Yesterday was my quarterly review at work. The strange thing about that is that my company doesn't do quarterly reviews. In fact, yesterday was the first quarterly review *ever* in the history of the company. And possibly the last.
You see, I brought this on myself. My boss and I are both bull-headed when it comes to our ideas about programming. He and I lock horns intellectually more than the whole rest of the team put together, and although he tells me that he respects the fact that I stand up for my ideas, I think at the end of the day he'd rather I just bow to his superior kung fu (he actually is a top-notch programmer) with unblinking deference.
But over the past few months it all seemed to be coming to a head. When we started in on a "conversation" about whether or not to refactor code a certain way, people on the team would pull out their flak jackets and a bowl of popcorn. About 7 weeks ago, just before I went on vacation for 2 weeks, he and I had "a talk" and he dropped a bombshell. He told me that I lacked "professionalism" and that I wasn't as far along in my career as I could be.

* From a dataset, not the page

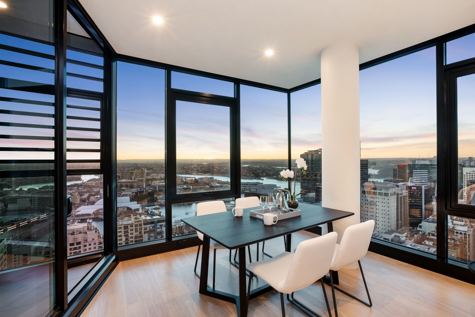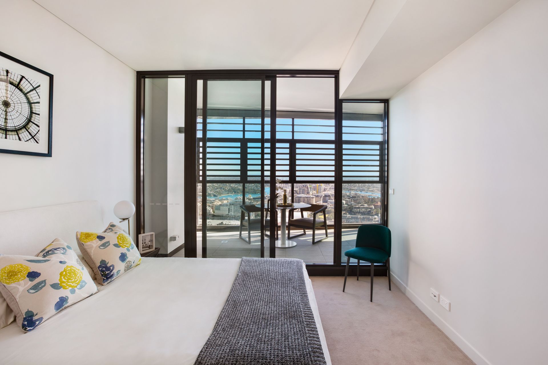 Perfectly framed by the floor to ceiling windows this home benefits from panoramic northerly views across the city and spectacular westerly views over Darling Harbour being the perfect vantage point to watch the weekly fireworks and beyond all the way to the Blue Mountains. The fortunate buyer will have the benefit of water glimpses and by being so elevated above the city this home has the feeling of privacy.

Ever been punched in the kidney when you thought you were alone in the room? I have (my Army buddies are very strange) and this was the same feeling. Coming from some young kid, or another know-it-all rookie like myself, those comments wouldn't have bothered me. But this guy is a seasoned pro. The kind of guy who lends credibility to an entire project just by showing up to a few meetings with the customer. He's a founding member of the company, for pete's sake.
So I went on vacation. Within the first week of my vacation I also found out that my girlfriend had a similar revelation for me about our relationship. And I turned 34.
Sigh.
But I'm proud to say that in every case I turned lemons into some kind of fruity juice (credit: Obi). At work, my response to that brick of C4 being detonated in my cereal bowl was to ask my boss if he'd be willing to give me a quarterly review after I returned from vacation, so that I'd know exactly what I needed to work on to be a better "professional". I thought that was very professional of me.
And with my girlfriend, as soon as she told me what it was that was making her unhappy, I dug deep and immediately set all my energy and focus on making it better. I'm happy to say that we're happier than ever together now, and I don't think I've ever been quite so fulfilled in a relationship as I am with her.
Conclusion: I'm capable of great things, but figuring out how people really feel about me is not one of them. Once I know - once they spell it out for me slowly, using stick figures and very small words - then I surprise everyone, including myself, with how quickly and significantly I can change my behavior. It's nice to know that my 'natural adaptability' can be used for good, too.
My "vacation" in Vermont seems to have been a turning point for me. I feel stronger, smarter, calmer...better. As I've told my girlfriend, I feel like I just hadn't bothered to realize any of my potential for years, because I just didn't have a reason. I got complacent. Things got easy, so I stopped trying to improve myself. I needed a reason.
She's my reason. And so far, I like the change.
Conclusion: quarterly reviews should be mandatory with our friends, lovers, bosses, co-workers, etc. I think the first one is the hardest, but after that it gets easier because your just making small course corrections.
Think of it this way: if you don't occasionaly get a status report during the action, you haven't really avoided anything....because you'll likely have to hear the same information anyways, but it will be during your exit interview.